3% was not great to begin with, but was especially odd because GDEFLATE is not functionally different from Deflate, and Zstandard usually outperforms Deflate by a measurable margin.  Upon running tests, there were a good number of blocks where Zstandard was compressing to about 10% larger than GDEFLATE.  My best guess was, and still is, that GDEFLATE uses libdeflate as its compressor, and libdeflate is quite good... so, to test this possibility, I needed to make some code that could convert a Deflate block into a Zstandard block!

Now, in order to do that, I need to generate FSE probability tables for the match, literal length, and offset codes, and then rescale them to total a power of 2 as the scheme requires.  How do you do that?

Well, normally for an arithmetic or range coder, the cost per occurrence of a symbol is -log(Probability/SumOfProbabilities)/log(2).  As probability decreases, the bit usage declines rapidly at first and then slower.  Through some math, this can be simplified into smaller calculations, but there's one thing that's weird about FSE: The reduction of bit cost seems linear, doesn't it?  Maybe the bit usage is just approximately-logarithmic but not actually?  Close enough?

Suppose the successor state for a symbol is uniformly random (and they do behave pretty randomly).  Have a look at the table above.  If you bump the slot usage for a symbol by 1, the effect is to split one of those 5-bit ranges into two 4-bit ranges, but those 4-bit ranges cover the same range of successor states, so really that fraction of the successor state ranges was reduced by 1 bit in cost.  The problem is that all of those 5-bit ranges are the same size, so each time you add 1 slot, it keeps reducing the bits-per-symbol by the same amount, not an amount that's changing according to a logarithm curve.  It continues doing this until it hits a power of 2, at which point it has to start splitting 4-bit ranges into 3-bit ranges.

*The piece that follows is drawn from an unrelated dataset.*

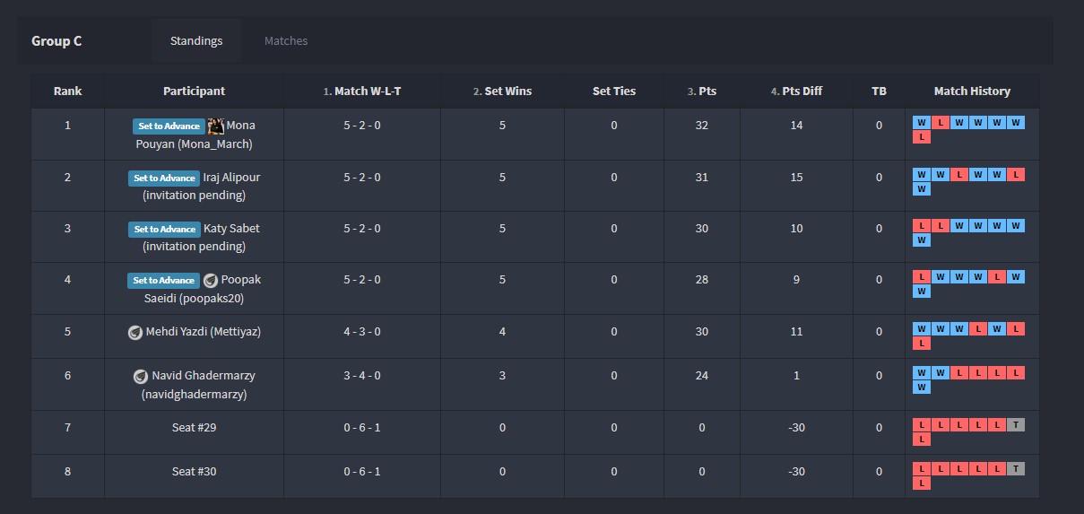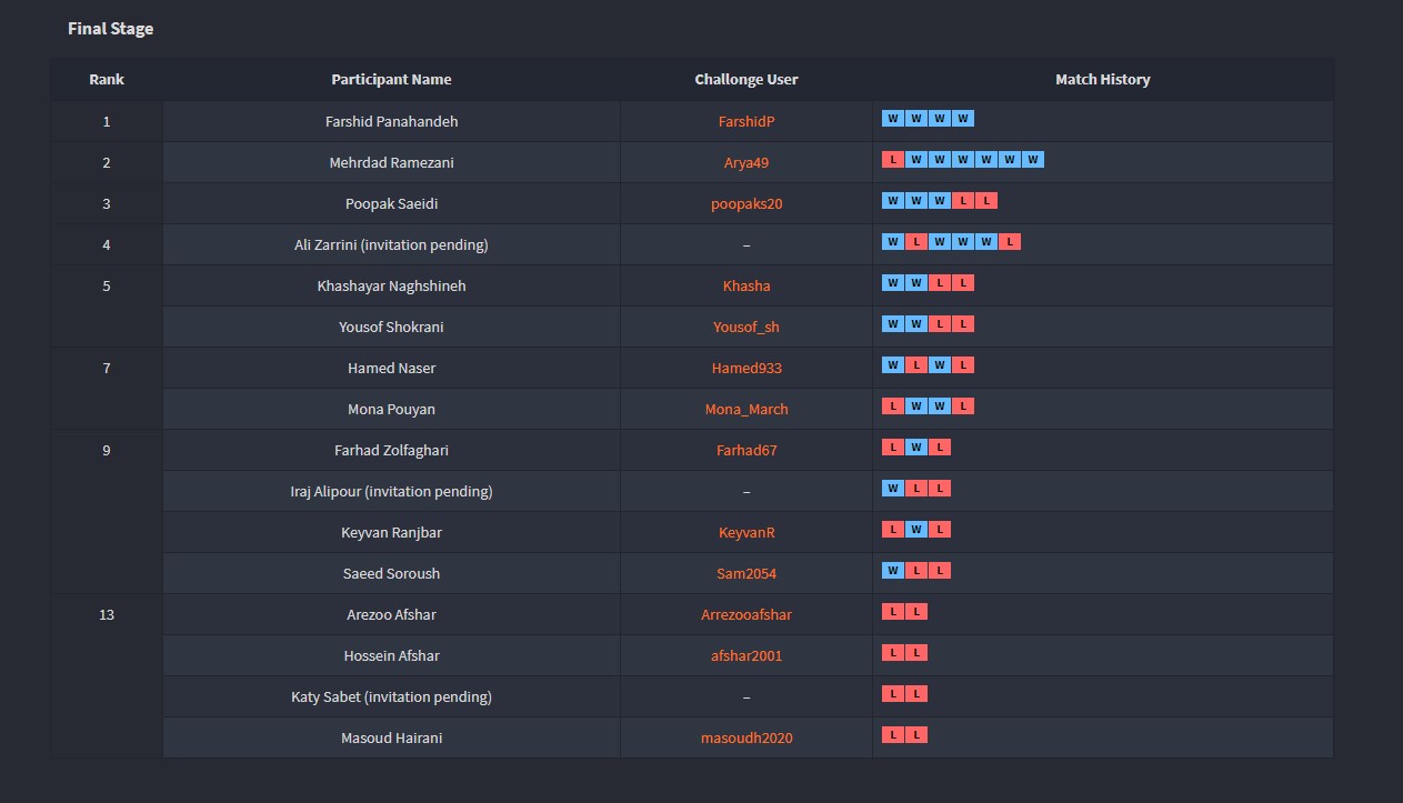 تبریک فراوان به تمام شرکت کنندگان تورنمنت یازدهم برگزار شده در روز جمعه 15 می 2020 که با شرکت در 80 مسابقه (50 مسابقه مقدماتی و 30 مسابقه ی نهایی) در طول یک هفته بسیار خوش درخشیدند:
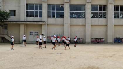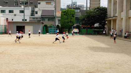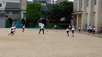 2時間目、3年生が運動場でキックベースボールをしています。

But that means the ideal slot to bump the probability of is the same until it hits a power-of-2 usage, resulting in a table that contains only power-of-2 values except for at most one probability - and all of those powers of 2 have integral bit usage, which is just Huffman.

This seemed very problematic so I had to run a few tests, and the answer was that FSE doesn't have this problem because given uniform successor states, FSE will produce predecessor states that are disproportionately lower values.  (This is why the less-than-one distribution works in the first place.)  It's somewhat easy to see why: Lower-numbered states take up more numeric range.

Doing baseline distribution before scattering breaks that assumption though, and it makes the predecessor states uniformly distributed.


Some further tests confirmed my suspicions: If you use a properly-scaled probability distribution with cell properties determined before scattering, then the result is worse than Huffman.  It's only better than Huffman if the cell properties are determined AFTER scattering.

That means that in order to do this right, it was necessary to sort the entries, which I don't think there is any particularly good algorithm for.

But tests showed it was only a small amount of overhead?

Yeah, but Huffman is only a small amount of overhead too.  FSE and arithmetic coding make it possible to get fractional bit usage, but the benefit of that depends a lot on the distribution of values.  The fewer bits used by the most-probable symbols, the more likely it is to help, because a fractional bit of accuracy is a bigger portion of the values being encoded.


The silver lining

Ultimately, this realization is pretty lethal to using FSE on GPU, since the remaining options for table construction are quite bad, and the table is a problem in the first place.

The good news is that rANS should still work.  In fact, the way GDEFLATE decodes Huffman codes is by using binary search within a vector register, and rANS symbol lookup would work the same way.

So, Gstd isn't dead yet (it will be dead if it turns out that the larger blocks are due to format inefficiencies instead of libdeflate being really good), but it will not be using FSE, and I think the work of getting FSE to work on GPU compute was unfortunately wasted.